Modal kerja merupakan investasi perusahaan dalam jangka pendek seperti kas, surat-
surat berharga (efek), piutang dan persediaan. Dengan modal kerja yang baik dan
efektif, maka kegiatan operasional perusahaan dapat meningkatkan laba perusahaan.
Selain itu, modal kerja dapat digunakan untuk membiayai pembelian bahan baku,
pembayaran upah, pembayaran gaji karyawan dan biaya operasional perusahaan
lainnya.

Adanya modal kerja yang cukup sangat penting bagi suatu perusahaan karena
dengan adanya modal kerja yang cukup itu memungkinkan bagi perusahaan untuk
beropersi dengan seekonomis mungkin dan perusahaan tidak mengalami kesulitan atau
menghadapi bahaya-bahaya yang mungkin timbul karena adanya krisis atau kekacauan
keuangan. Investasi dalam aset lancar seringkali mengalami perubahan dan cenderung
labil, sedangkan aset lancar adalah modal kerja perusahaan, artinya perubahan tersebut
akan berpengaruh terhadap modal kerja. Adanya modal kerja yang berlebihan
menunjukkan adanya dana yang tidak produktif, dan hal ini akan menimbulkan
kerugian bagi perusahaan karena adanya kesempatan untuk memperoleh keuntungan
telah disia-siakan. Sebaliknya adanya ketidakcukupan maupun mis management dalam
modal kerja merupakan sebab utama kegagalan suatu perusahaan.
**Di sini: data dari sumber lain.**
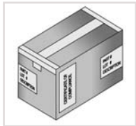
Sealed carton with corner labels and Certificate of Irradiation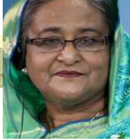
HASINA WAZED Bangladesh Prime Minister 1996 – 2001 2009 –TODAY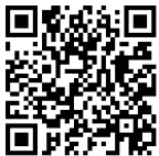
Music Camp QR Code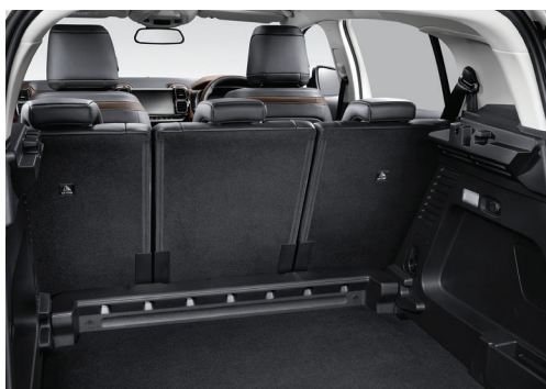
Generous boot space of up to 1,630l*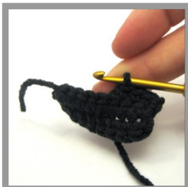
7. Turn around and start your sc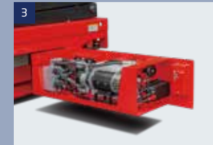
3 Hydraulic and electric system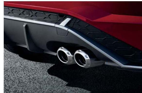
N Line-exclusive single twin tip muffler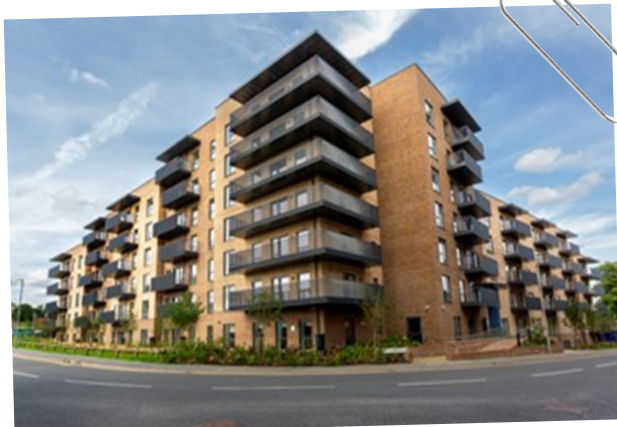
Atlas Lodge, Uxbridge

Atlas Lodge Housing for over 55's is a state-of-the-art modern scheme with energy efficient flats for residents living independently. This development consists of 72 properties for resident age 55 and over. The block is owned and managed by Anchor Housing. Hillingdon residents have 100% nomination rights to move into one of these homes.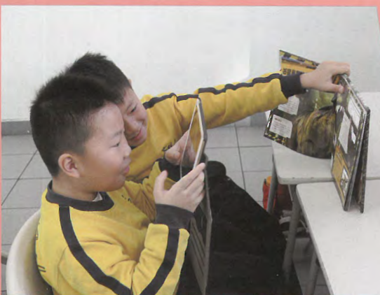
Reading with technology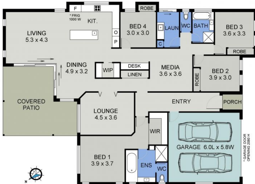
FLOOR PLAN ( 248 sq m Approx )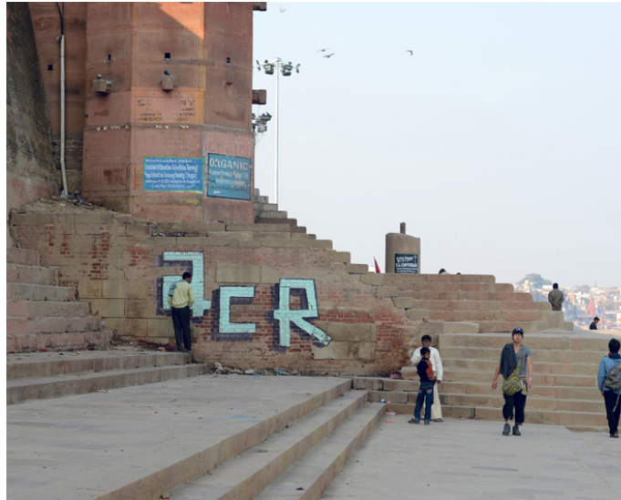
Evening at Ghat.

http://www.dsource.in/resource/ghats-varanasi/life-ghats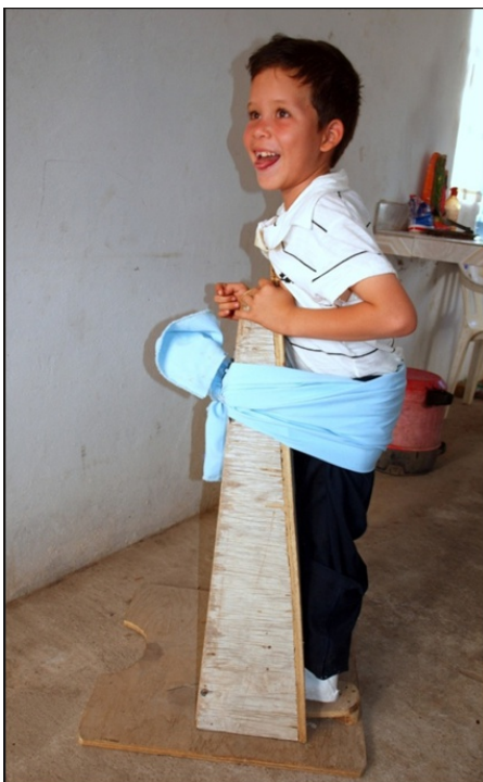
And is delighted to do so.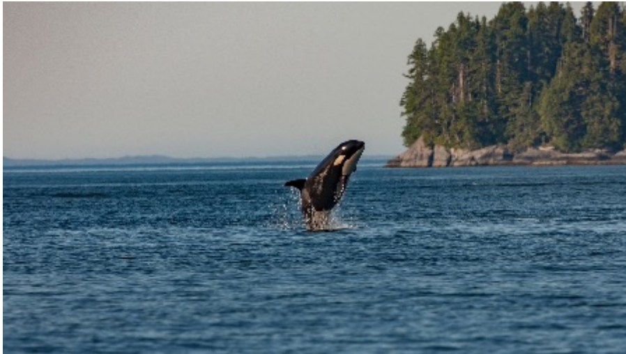
Majestic orcas, part of the beauty of the Pacific Northwest, are in danger from proposed U.S. Navy testing.

The League takes action on environmental concerns as well as democracy and voting issues. We often testify in the legislature in favor of preserving our environment and reversing the damage already done, actions that improve both human and natural health and address climate change. In recent legislative sessions, we have supported bills to reduce water pollution; preserve the health of rivers, streams, and shorelines; and restore our natural salmon stocks. Many of the bills also help protect and restore the health of our southern resident orcas, an iconic species in our state, which are regrettably in decline.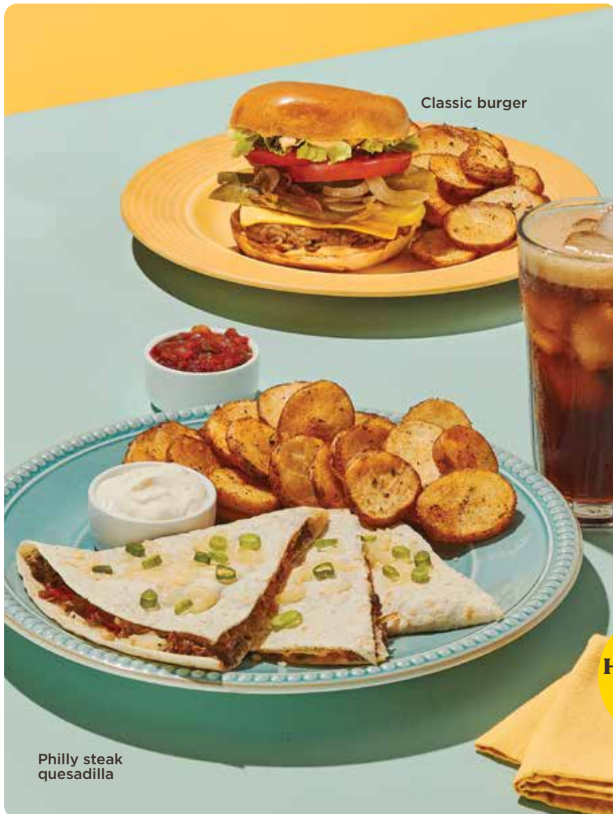
Philly steak quesadilla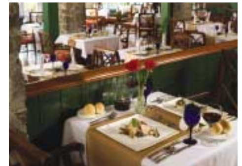
5-Star Diamond-Rated Toscanini's Italian Restaurant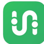
Transit App RIPTA bus schedules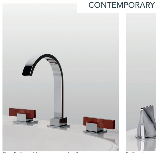
Sky collection with jasper stone lever handles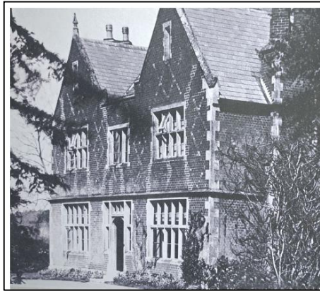
Photo of the property prior 1942

CHANGES FROM APPROVED PLANNING REF 233180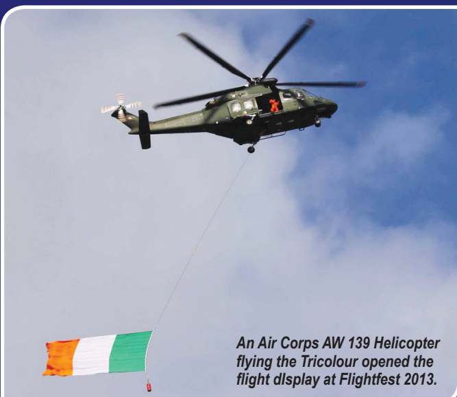
An Air Corps AW 139 Helicopter flying the Tricolour opened the flight display at Flightfest 2013.

Formations from Wolf Section (helicopter), Eagle Section (PC-9) and Neptune Section (CASA) battled the turbulent conditions to put on a great display and showed the Nation the professionalism of the Air Corps."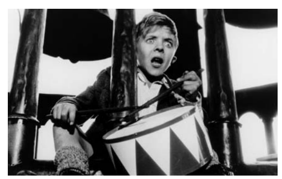
THE TIN DRUM

West Germany's cinephile identity formation around oedipal paradigms was broken up with the screening of the US-television series Holocaust in 1978 and 1979. Such was the shock at discovering American television "appropriating" the German subject par excellence that the New German Cinema "responded" with films by Volker Schlöndorff (The Tin Drum), Kluge (The Patriot), Syberberg (Hitler - A Film from Germany), Fassbin-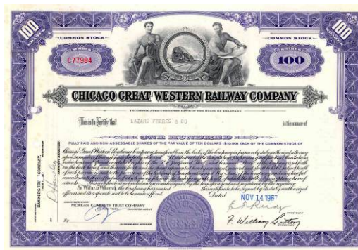
Figure 1: Chicago Great Western Railway Company common stock

This means that a common stock owner is the owner of a fraction or share of a company. Stocks owners are called shareholders or stockholders . There might be a (usually legal) difference between those two, but in the context of this document, stockholders and shareholders are identical and both words will be used with the same meaning.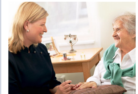
Respite services at Munzer Community Residence

All Jewish Care facilities provide respite services, allowing the carers to rest while their loved ones are staying in a friendly, inclusive environment where their cultural needs are respected and celebrated.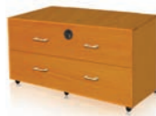
Wooden filing cabinets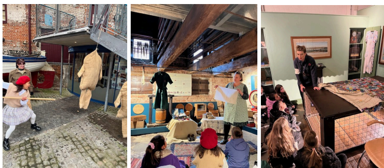
Year 6 enjoyed their visit to the Time and Tide Museum to celebrate their learning on WWII.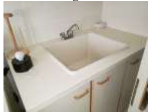
Pic. 42: Laundry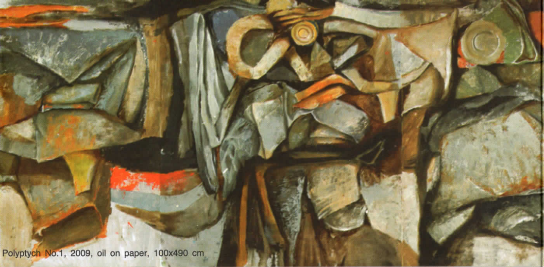
Polyptych No.1, 2009, oil on paper, 100x490 cm

Dengan adanya modal kerja yang cukup, dapat menguntungkan perusahaan


karena perusahaan akan dapat memproduksi barang-barang pada saat dibutuhkan
daripada harus menumpuk banyak persediaan yang dikelola oleh perusahaan, sehingga
operasi perusahaan akan berjalan dengan ekonomis dan efisien. Dari hasil penjualan
yang tinggi, perusahaan akan mendapatkan keuntungan yang semakin meningkat, yang
merupakan salah satu tujuan didirikannya perusahaan.

Salah satu perusahaan yang bergerak cukup lama di bidang otomotif adalah PT.
Astra International Tbk, dimana perusahaan ini telah hadir di Indonesia selama lebih
dari 60 tahun. PT. Astra International, Tbk (“Perseroan”) didirikan pada tahun 1957
dengan nama PT Astra International Incorporated. Pada tahun 1990, Perseroan
mengubah namanya menjadi PT Astra International Tbk. Perseroan didirikan dengan
Akta Notaris Sie Khwan Djioe No. 67 tanggal 20 Februari 1957 dan disahkan oleh
Menteri Kehakiman Republik Indonesia dalam Surat Keputusan No. J.A.5/53/5 tanggal
1 Juli 1957

1
1.2 RUMUSAN MASALAH
Berdasarkan uraian latar belakang yang telah diuraikan di atas, maka masalah pokok
adalah :
1. Bagaimana analisis manajemen modal kerja pada PT. Astra International Tbk

1.3 TUJUAN
Untuk mengetahui bagaimana analisis manajemen modal kerja pada PT. Astra
International Tbk.

2
BAB II
KAJIAN TEORITIS

2.1 PENGERTIAN MODAL KERJA


Menurut Kasmir (2013:249) dalam Sirait (2018), dana sebagai modal kerja merupakan
dana yang digunakan untuk membiayai kegiatan operasional perusahaan, terutama yang
memiliki jangka waktu pendek. Sebagai modal kerja diartikan seluruh aktiva lancar
atau setelah dikurangi dengan utang lancar.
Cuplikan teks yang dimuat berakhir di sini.